And for the cases when a stream parser finds incorrect columns separators you can specify them by hand in columns argument (details). Then split_text option says to split text with those columns:)

Discussions

Although fpbhb criticized scraping PDFs in comments, I would be rather optimistic in your specific case. The document you shared is well structured. So I would definitely try to parse it. But the point of fpbhb still correct that it is heuristic. So additional precautions are required.

I suggest you to use regular expressions to test what you got from camelot.

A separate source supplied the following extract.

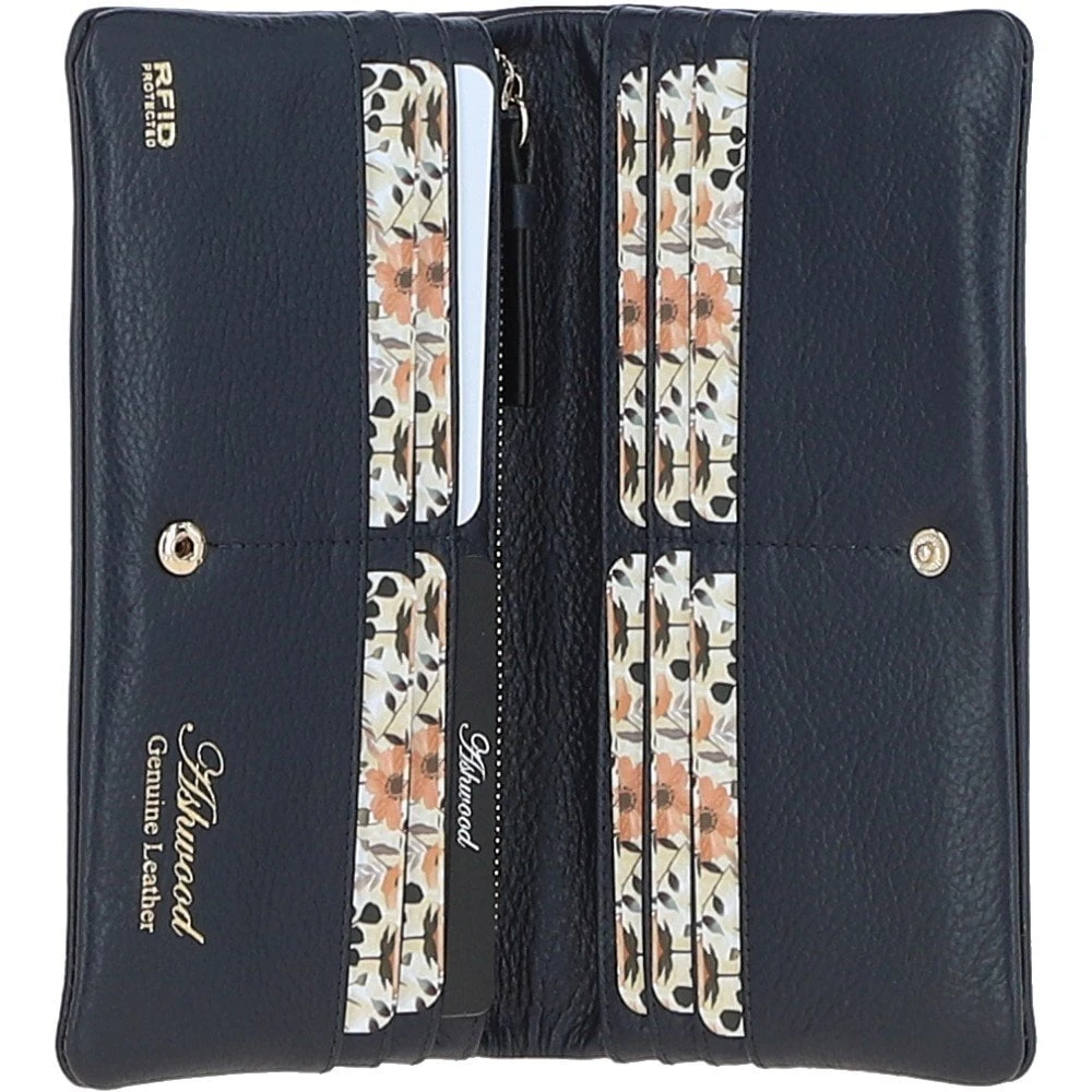 14 Card RFID Protected XL Leather Purse Navy: S-4

You can use the code below as a starting point:

import re
import logging

def test_tables(tables):
    # headers
    HEADER_L = re.compile('^CATALOGO SIOM ALTERNATORI$')
    HEADER_R = re.compile('^BOSCH  \nBOSCH  \nBOSCH  \nBOSCH$')

    # main cell rows
    CELL_ROWS = [
        re.compile('^ALT\d{4,6}?\n(12|14|24|28) ?V\n\d{2,3}(/\d{2,3})? ?A$'),
        re.compile('^IMPIANTO : .*?\nCOD.OEM : [\dA]{9,10}$'),
        re.compile('^APPLICAZIONI :(\n[A-Z \.-]*)?$')
    ]

    # bottom line should be Pag.##
    PAGE = re.compile('^Pag.\d{1,3}$')

    for ti, table in enumerate(tables):
        rows = table.df.to_numpy()
        # test headers
        if not HEADER_L.match(rows[0, 0]):
            logging.warning('tables[{}].df.iloc[0][0]: HEADER_L != {}'.format(ti, rows[0, 0]))
        if not HEADER_R.match(rows[0, 1]):
            logging.warning('tables[{}].df.iloc[0][1]: HEADER_R != {}'.format(ti, rows[0, 1]))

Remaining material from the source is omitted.